Key Points and Complexity:

  • Role of Union-Find: Its Find and Union operations (often optimized with path compression and union by rank) have a time complexity close to constant O(α(N)), where α is the inverse Ackermann function, which grows extremely slowly. This makes Kruskal's algorithm very efficient.
  • Time Complexity: The algorithm's time complexity is dominated by the sorting step. Sorting E edges has a complexity of O(E log E). For dense graphs (where E ≈ V^2), O(E log E) approximates to O(E log V). After sorting, processing each edge with the Union-Find structure takes nearly constant time (O(α(V)) ≈ O(1)), leading to an overall complexity of O(E log E).
  • Space Complexity: Primarily needed for storing edges (O(E)) and the Union-Find structure (O(V)), totaling O(E + V).

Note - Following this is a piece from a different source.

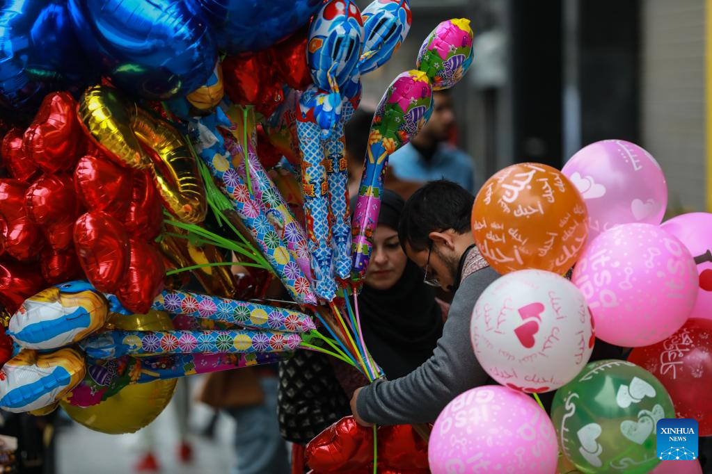 A vendor sells balloons for the New Year celebrations in Gaza City, on Dec. 31, 2021. (Photo by Rizek Abdeljawad/Xinhua)

  • Applicability: Kruskal's algorithm performs exceptionally well for relatively sparse graphs because its complexity is directly related to the number of edges E. Compared to Prim's algorithm, which is more suited for dense graphs, Kruskal's algorithm is often simpler and more efficient for sparse graphs.

Summary:
Kruskal's algorithm is a greedy, edge-based algorithm. Its elegance lies in efficiently detecting cycles using the Union-Find data structure. Starting from the smallest-weight edge, it incrementally builds a forest that eventually merges into a single tree, guaranteeing that the total weight of the final spanning tree is minimized. Remember its core steps: Sort -> Use Union-Find to check for cycles -> Add edge if no cycle is formed.